> **DIRECTIONS FOR THIS TASK**:
Output the lines from the top of the entries below to the line with "Gambar 5. Pelaksanaan", both included, exactly and without pictures.

> **MATERIAL TO PROCESS**:
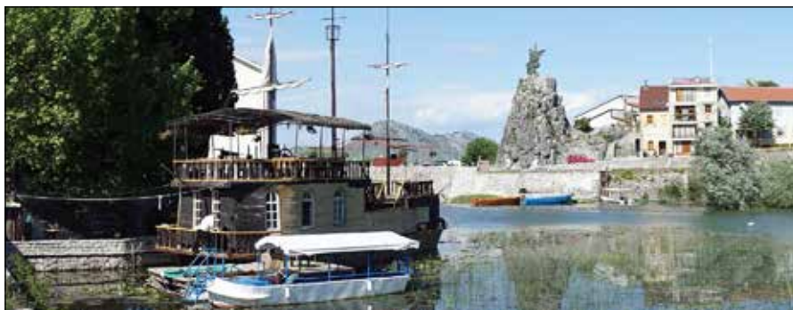
Slika 4. Spomenik Revoluciji u Virpazaru – pejzaž.

ski vajar Mirko Ostoja 11 . Spomenik je postavljen na prirodnom uzvišenju, stijeni koja se nalazi kod glavnog mosta u Virpazaru (Virski most), na ostacima kule-osmatračnice (tzv. Njegoševa kulica), tako da vizuelno dominira okruženjem. Izliven je u bronzi i predstavlja dva borca za slobodu sa oružjem u rukama, u vihoru ustaničkih dana. U likovnom izrazu i oblikovanju se može uočiti umjetnički jezik karakterističan za tzv. socijalistički realizam, aktuelan 50-ih godina u bivšoj SFRJ. Izrazita dinamičnost forme postignuta je ekspresivnim stavom figura, a dodatno pojačana naglašenim linijama „vjetra“ u pozadini, što jasno simbolizuje „vihor ustanka“. Izgradnju spomenika finansirali su stanovnici Crmnice uz pomoć društvene zajednice.
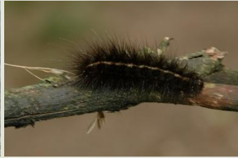
Kleine beer Phragmatobia fuliginosa
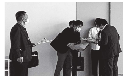
測定会場を視察する福島県立医科大学の先生方
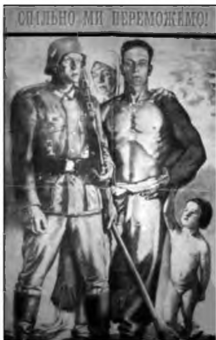
Рис. 12. «Вместе мы победим!»

за мировую революцию ставит целью сделать все народы рабами так, как это уже сделали с Вами.
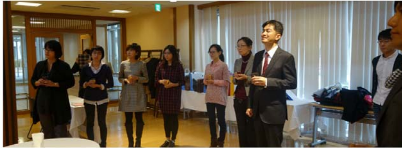
古田館長歡迎貴賓享用茶點
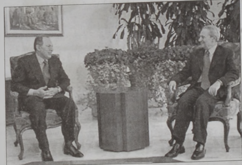
Շարիհ այցելեց գոր. Լահուտի

Նախագահ Կոր. Էմիլ Լահուտ երէկ Պապատայի մէջ ընդունեց Սուրիոյ արտաքին գործոց նախարար Ֆարուք Շարիհը, որ նախագահ Լահուտի փոխանցեց Սուրիոյ նախագահ Պաշշար Ասատէն բանաւոր պատգամ մը՝ Իրաքի հարցին արձանագրած վերջին պարագումներուն շուրջ:
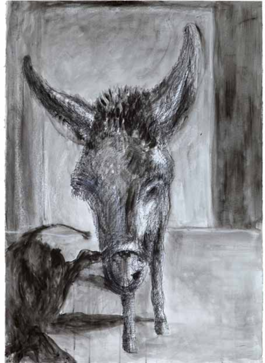
בספרייה, 2009, רישום דיו ואקריליק על נייר, 110x80 At the Library, 2009, ink drawing and acrylic on paper, 110x80
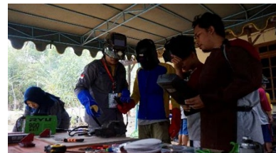
Gambar 5. Pelaksanaan kegiatan pelatihan tahap 4.

Pelatihan tahap 4 : Materi prosedur pengelasan dasar (teori dan praktek pengelasan 1F, dan proyek sambungan pengelasan, evaluasi unjuk kerja). Kegiatan pelatihan terlihat pada gambar 5
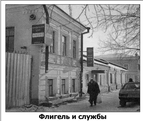
Флигель и службы

Флигель двухэтажный, каменный, расположен по улице Хохрякова. Основной прямоугольный в плане объем здания тянется в глубину участка, таким образом, главным фасадом служит торцовый. К флигелю со стороны южного фасада примыкает одноэтажное здание бывшей службы, которое длинным главным фасадом выходит на красную линию улицы Хохрякова.
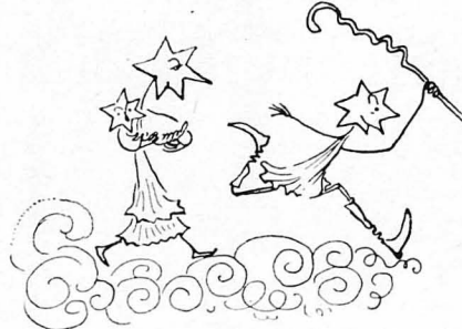
Και πίσω άκολουθεί ή Κερά με τό παιδί στην άγκαλιά της.

Γκερμοί και κακοποιές. Γλύστερες πλακερές, άπάνω στις όποιες τροχιάντουσαν και σπίζιζαν τά πέταλα των άλόγων, μ' έναν ήχο που σου έφερνε άνατριχίλα και νόμιζες πώς τώρα θά κατακυλίση, άναβάτης κ' άλογο, στο σκοτεινό τό χάος.
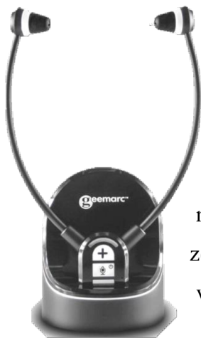
Obr. 12: Slúchadlá k TV – s mikrofónom

Keď niekomu na počúvanie televízora nevyhovuje osobní zosilňovač, dobrou alternatívou sú slúchadlá k televízoru . Táto pomôcka sa skladá zo základne a slúchadiel na počúvanie. Základňa sa spojí káblom s televízorom a slúchadlá na počúvanie sú bezdrôtovo spárované so základňou. Osoba si teda vezme slúchadlá na počúvanie a v kľude na gauči môže počúvať priamo do uší film či televízne správy. Zvuk z televízora nejde cez vzduch od reproduktora televízora, zvuk je teda cez slúchadlá k televízoru kvalitnejší. Niektoré slúchadlá majú i v sebe zabudovaný mikrofón. Vďaka tomu je možné ich používať aj ako osobný zosilňovač. Užívateľ môže počúvať televízor a v prípade osoby v miestnosti, môže slúchadlá prepnúť na funkciu mikrofónu a počúvať, čo daná osoba hovorí. Jediným úskalím tejto pomôcky sú možnosti pripojenia k televízoru. Na to je treba si dať pozor, hlavne nové televízory nemusia mať ani Jack konektor. Prípadne ak chce osoba so slúchadlami, aby zvuk išiel aj z reproduktorov televízora, musí zvoliť inú možnosť pripojenia, a to kábel Toslink, RCA kábel či SCART. Niekedy je nutné sa pozrieť aj do nastavení televízora a zvoliť správny formát zvuku. (Zesilovač zvuku, 2024)
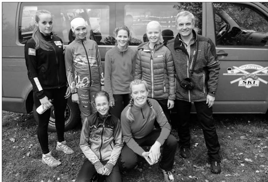
Přespolní běh – dívky.

Celý seriál se skládá ze šesti započítávaných přespolních běhů, které organizují lyžařské oddíly v rámci celého Libereckého kraje. Nejprve se běželo na tratích v Harrachově, dále potom ve Studenci, Tanvaldu, Bedřichově, Jablonci n. N. a Liberci-Vesci. Pohár byl hodnocen v šesti kategoriích od nejmladšího ročníku 2008 až po nejstarší běžce ročníku 2003, vždy pro chlapce a dívky. Do soutěže družstev se započítávají body vždy 20 nejlepších závodníků.
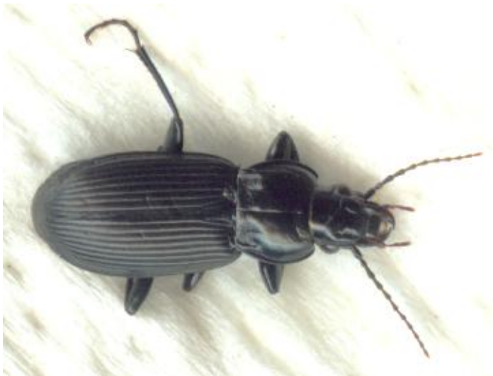
Pterostichus melanarius (13-17 mm)

> **REPLY TO THE EXERCISE**:
Slika 4. Spomenik Revoluciji u Virpazaru – pejzaž.

ski vajar Mirko Ostoja 11 . Spomenik je postavljen na prirodnom uzvišenju, stijeni koja se nalazi kod glavnog mosta u Virpazaru (Virski most), na ostacima kule-osmatračnice (tzv. Njegoševa kulica), tako da vizuelno dominira okruženjem. Izliven je u bronzi i predstavlja dva borca za slobodu sa oružjem u rukama, u vihoru ustaničkih dana. U likovnom izrazu i oblikovanju se može uočiti umjetnički jezik karakterističan za tzv. socijalistički realizam, aktuelan 50-ih godina u bivšoj SFRJ. Izrazita dinamičnost forme postignuta je ekspresivnim stavom figura, a dodatno pojačana naglašenim linijama „vjetra“ u pozadini, što jasno simbolizuje „vihor ustanka“. Izgradnju spomenika finansirali su stanovnici Crmnice uz pomoć društvene zajednice.
Kleine beer Phragmatobia fuliginosa
測定会場を視察する福島県立医科大学の先生方
Рис. 12. «Вместе мы победим!»

за мировую революцию ставит целью сделать все народы рабами так, как это уже сделали с Вами.
古田館長歡迎貴賓享用茶點
Շարիհ այցելեց գոր. Լահուտի

Նախագահ Կոր. Էմիլ Լահուտ երէկ Պապատայի մէջ ընդունեց Սուրիոյ արտաքին գործոց նախարար Ֆարուք Շարիհը, որ նախագահ Լահուտի փոխանցեց Սուրիոյ նախագահ Պաշշար Ասատէն բանաւոր պատգամ մը՝ Իրաքի հարցին արձանագրած վերջին պարագումներուն շուրջ:
בספרייה, 2009, רישום דיו ואקריליק על נייר, 110x80 At the Library, 2009, ink drawing and acrylic on paper, 110x80
Gambar 5. Pelaksanaan kegiatan pelatihan tahap 4.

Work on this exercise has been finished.